Vyatta Pushes Open Source Routing

Linux has always enabled network admins to use commodity x86 hardware as a router platform. But Vyatta, an open source startup, thinks it can take open source routing a step further with its Open Flexible Router (OFR).

Vyatta claims that OFR is “the first enterprise-grade, open-source router platform.” It is currently a software-only based solution that includes typical router functionality.

“Think of it as a custom Linux distribution that is very network-centric,” Dave Roberts vice president of strategy at Vyatta, said. “It is based on a kernel.org kernel with a lightweight set of utilities on top of it; XORP is the routing stack.”

Roberts noted that Vyatta is a financial supporter of the XORP project and also contributes to its development. According to Roberts, Vyatta OFR goes beyond being just a simple stack for routing on Linux.

“Obviously open source stacks have been available for a long time. What we’ve really tried to do is build something that acts more like a router in the traditional Cisco and Juniper sense than simply a Linux box running routing,” Roberts told internetnews.com.

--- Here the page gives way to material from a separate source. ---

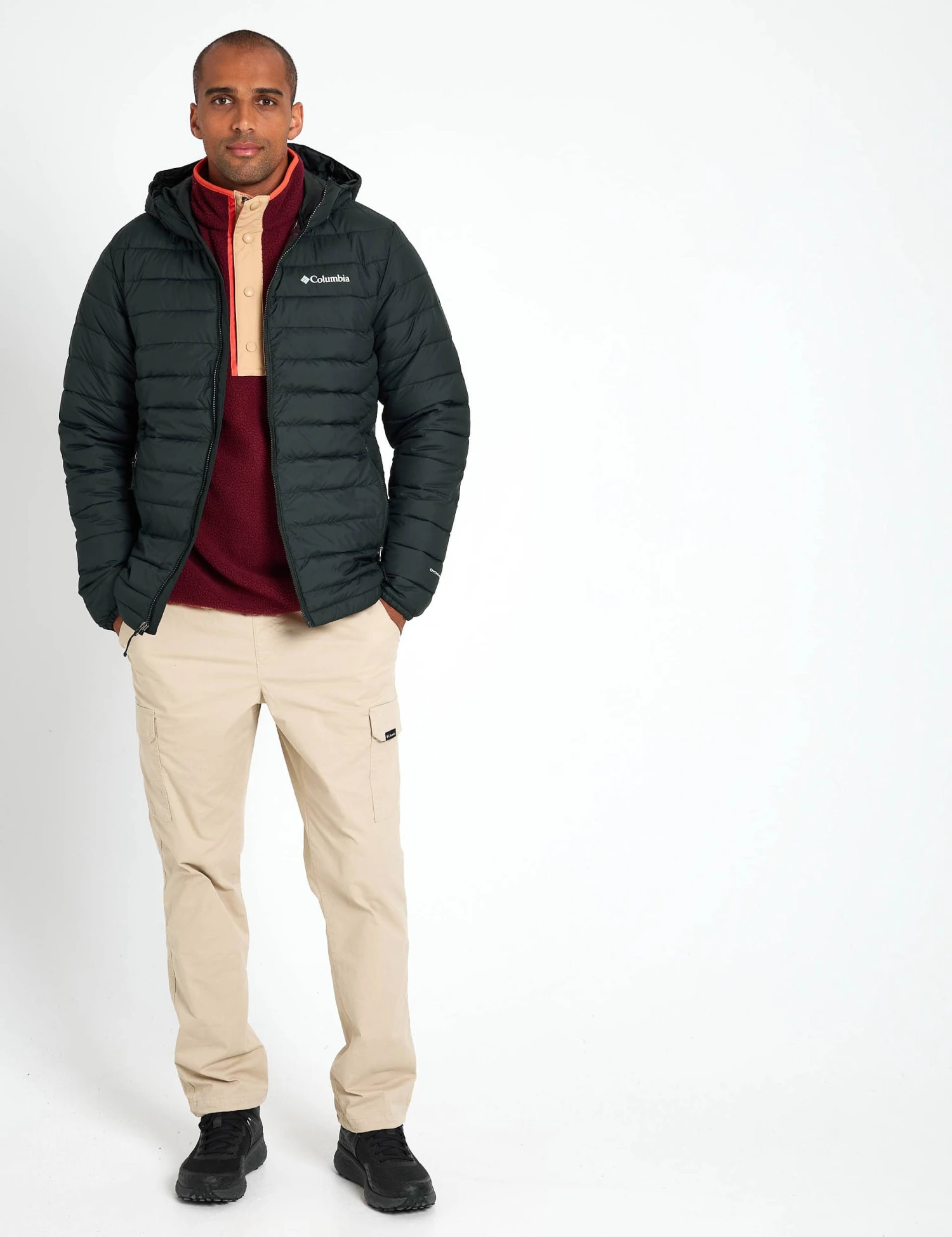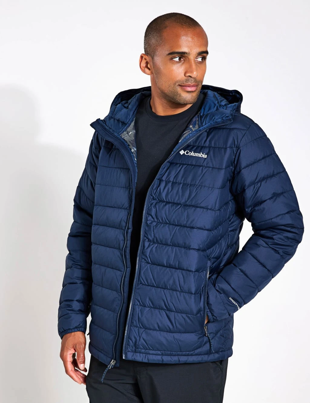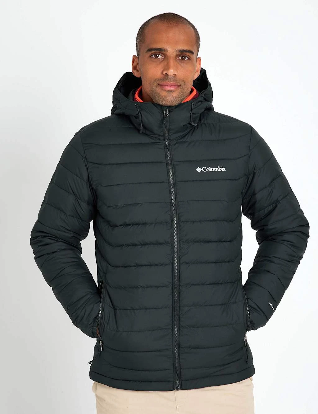 Stay warm when the temperature drops with this puffer jacket from Columbia. It’s made in a comfy regular fit, with a zip fastening and a snug funnel neckline to help lock in heat. This hooded style is made with light and breathable thermal insulation, plus a water-resistant finish to keep you dry in light showers. It’s designed with horizontal quilted stitching for a neat look, and has two side pockets to keep your essentials close.

Though Vyatta aspires to take on Cisco and Juniper , it is only a software-based solution and, as such, does not offer hardware-based acceleration.

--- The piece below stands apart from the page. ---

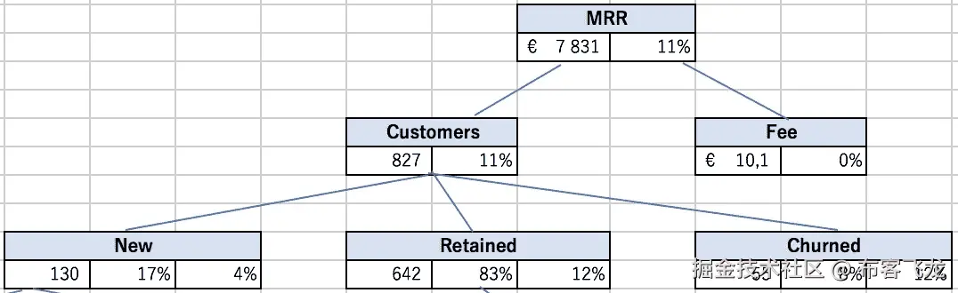 要查看一个虚构的 SaaS 企业的示例,您可以查看下面链接的指标树。在不同的列中,您可以看到绝对数量、客户总数的百分比以及与前一个月相比的变化。通过做这个练习,团队可以很好地理解你的收入是如何形成的,以及所有的数字是如何与你的月绩效联系起来的。理解这些数据将使原始数据转化为结果变得更加容易。要阅读度量树的详细分解,请查看这篇文章。

According to Roberts, that may not matter all that much.

“Obviously if you’re going to stack up software-based routing versus hardware-accelerating routing, software is going to lose,” Roberts admitted.

“That said, not all of Cisco or Juniper is hardware accelerated. In fact they do a lot of routing in software in the low-to-mid range of their product lines.”

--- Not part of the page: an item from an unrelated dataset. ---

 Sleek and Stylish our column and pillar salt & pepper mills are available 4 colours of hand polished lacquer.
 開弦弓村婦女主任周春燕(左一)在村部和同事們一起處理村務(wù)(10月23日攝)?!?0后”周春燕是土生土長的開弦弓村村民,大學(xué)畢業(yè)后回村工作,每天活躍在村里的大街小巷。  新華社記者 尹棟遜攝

Though Vyatta does not have a hardware appliance today, that doesn’t mean it won’t sometime soon.

“What we say is ‘Don’t confuse our initial foray into the marketplace with where Vyatta can ultimately go,'” Roberts said. “You need to separate out the software-based control plane and the software-based forwarding plane.

“Even a very high-end Cisco or Juniper router is still running software. To run the routing protocol, it’s only the forwarding that is running in ASICs (application-specific integrated circuit).”

That said, hardware is on the Vyatta roadmap.

“Over time you will see us shipping hardware,” Roberts said. “While we’re coming out with the software today, in fairly short order you’ll be seeing us shipping prepackaged hardware/software solutions.”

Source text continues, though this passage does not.